(Data section begins)
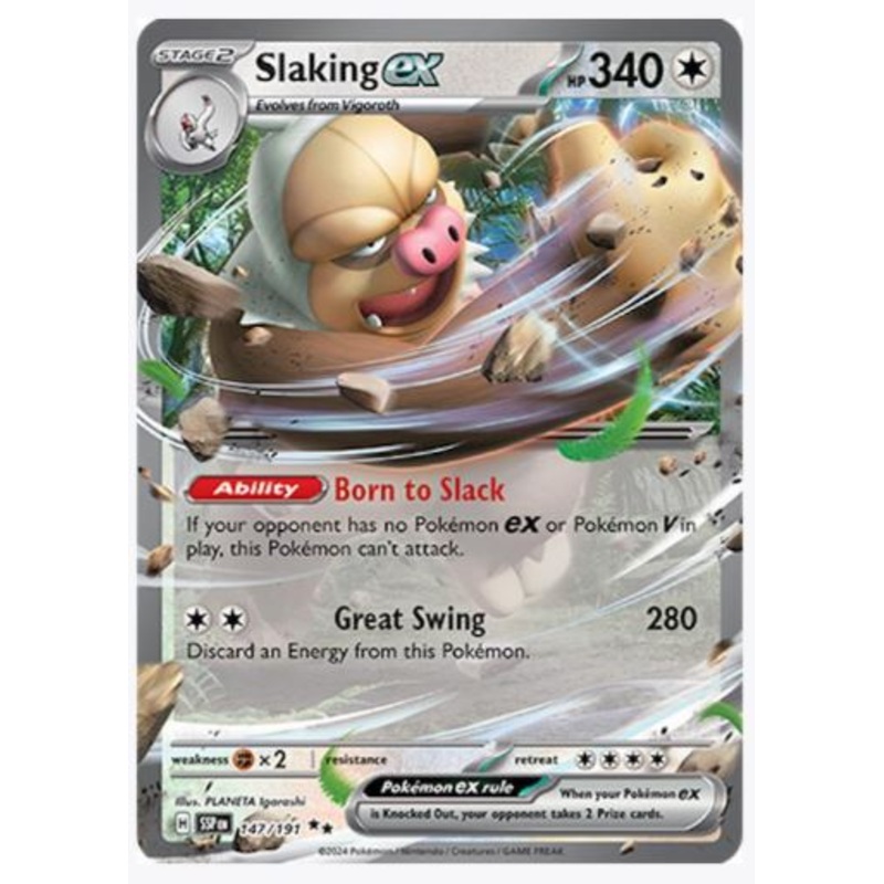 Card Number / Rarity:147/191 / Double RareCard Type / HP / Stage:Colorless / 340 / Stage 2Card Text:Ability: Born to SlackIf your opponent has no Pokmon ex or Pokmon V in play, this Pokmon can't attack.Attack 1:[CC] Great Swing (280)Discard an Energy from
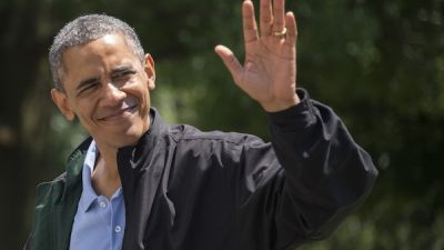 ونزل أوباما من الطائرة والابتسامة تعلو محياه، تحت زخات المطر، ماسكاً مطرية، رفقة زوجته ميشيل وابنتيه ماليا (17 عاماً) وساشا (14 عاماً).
(Data section ends)
(Data section begins)
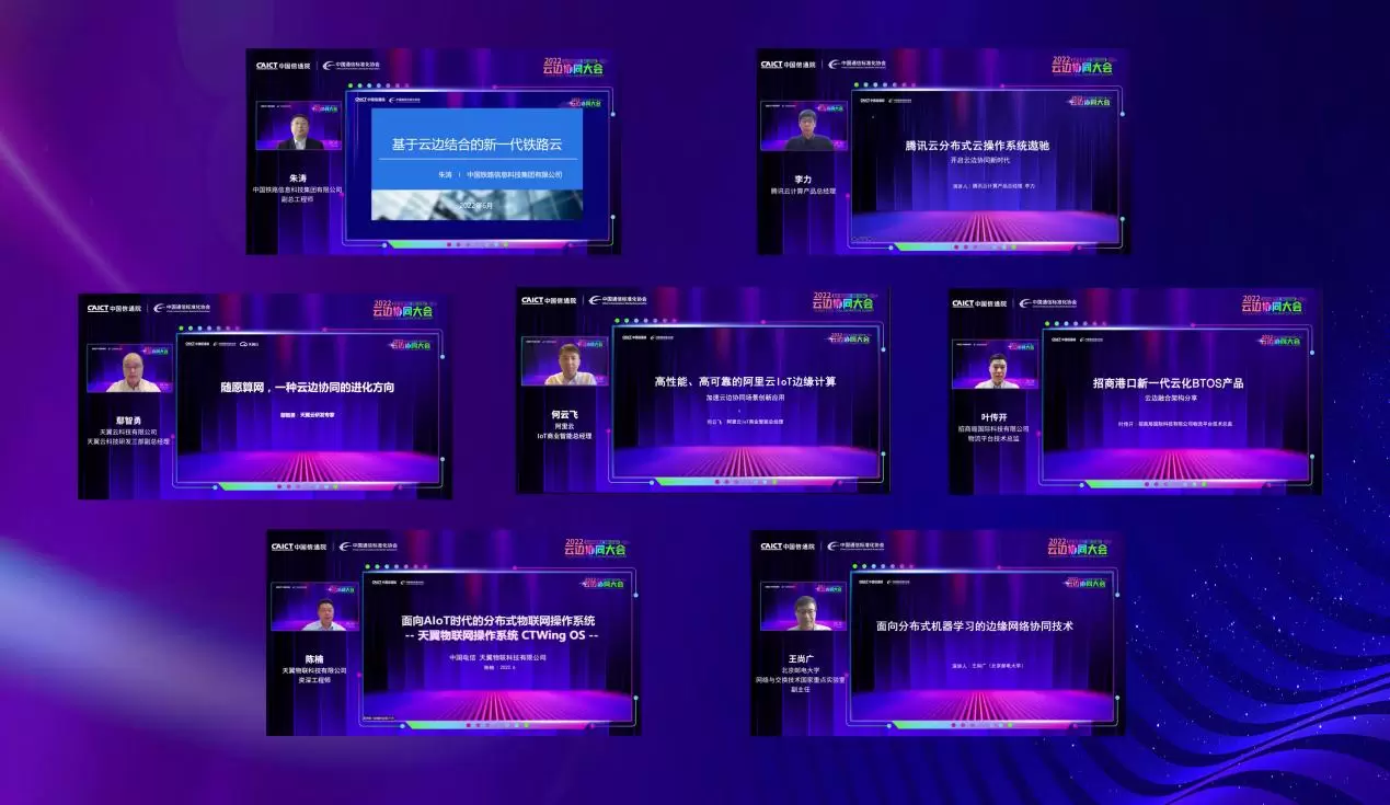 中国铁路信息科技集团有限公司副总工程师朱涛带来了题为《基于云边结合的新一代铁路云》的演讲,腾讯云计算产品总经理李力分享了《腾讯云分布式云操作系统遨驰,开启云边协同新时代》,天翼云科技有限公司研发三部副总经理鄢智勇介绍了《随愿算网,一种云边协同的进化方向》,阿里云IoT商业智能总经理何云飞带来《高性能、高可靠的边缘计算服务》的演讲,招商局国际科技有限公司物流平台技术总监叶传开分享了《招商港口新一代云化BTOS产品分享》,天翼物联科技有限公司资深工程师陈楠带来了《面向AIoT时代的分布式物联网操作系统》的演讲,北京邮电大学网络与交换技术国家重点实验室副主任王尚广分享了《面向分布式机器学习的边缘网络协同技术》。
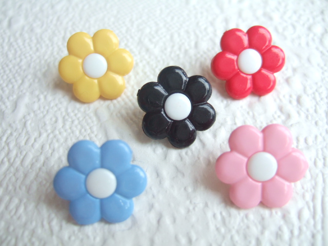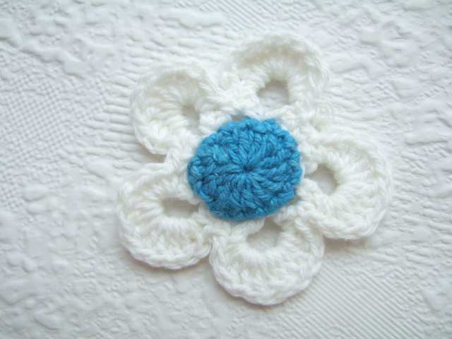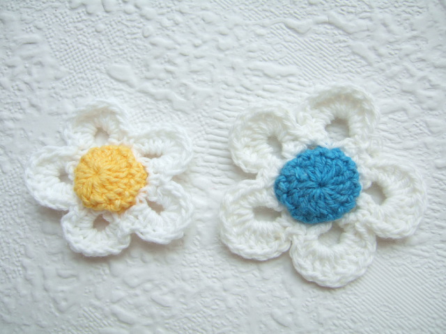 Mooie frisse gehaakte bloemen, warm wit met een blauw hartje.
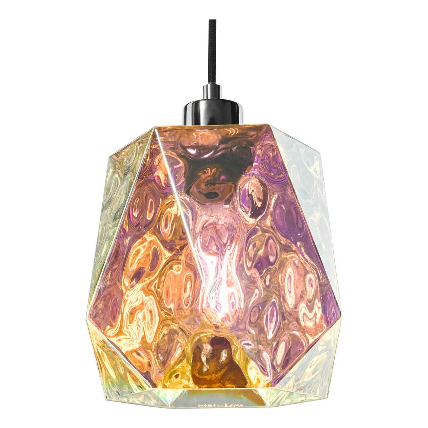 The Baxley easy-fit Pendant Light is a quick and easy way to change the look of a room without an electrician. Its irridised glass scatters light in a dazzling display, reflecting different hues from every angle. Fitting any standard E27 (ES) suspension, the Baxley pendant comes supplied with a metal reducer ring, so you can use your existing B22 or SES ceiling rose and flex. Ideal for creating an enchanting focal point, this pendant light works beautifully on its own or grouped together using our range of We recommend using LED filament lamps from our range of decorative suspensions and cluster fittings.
(Data section ends)
### [Problem to work on]
What you return must match, character for character, the lines above from the one with "Card Number /" through the one with "ونزل أوباما من", minus any pictures.

### [Response below]
 Card Number / Rarity:147/191 / Double RareCard Type / HP / Stage:Colorless / 340 / Stage 2Card Text:Ability: Born to SlackIf your opponent has no Pokmon ex or Pokmon V in play, this Pokmon can't attack.Attack 1:[CC] Great Swing (280)Discard an Energy from
 ونزل أوباما من الطائرة والابتسامة تعلو محياه، تحت زخات المطر، ماسكاً مطرية، رفقة زوجته ميشيل وابنتيه ماليا (17 عاماً) وساشا (14 عاماً).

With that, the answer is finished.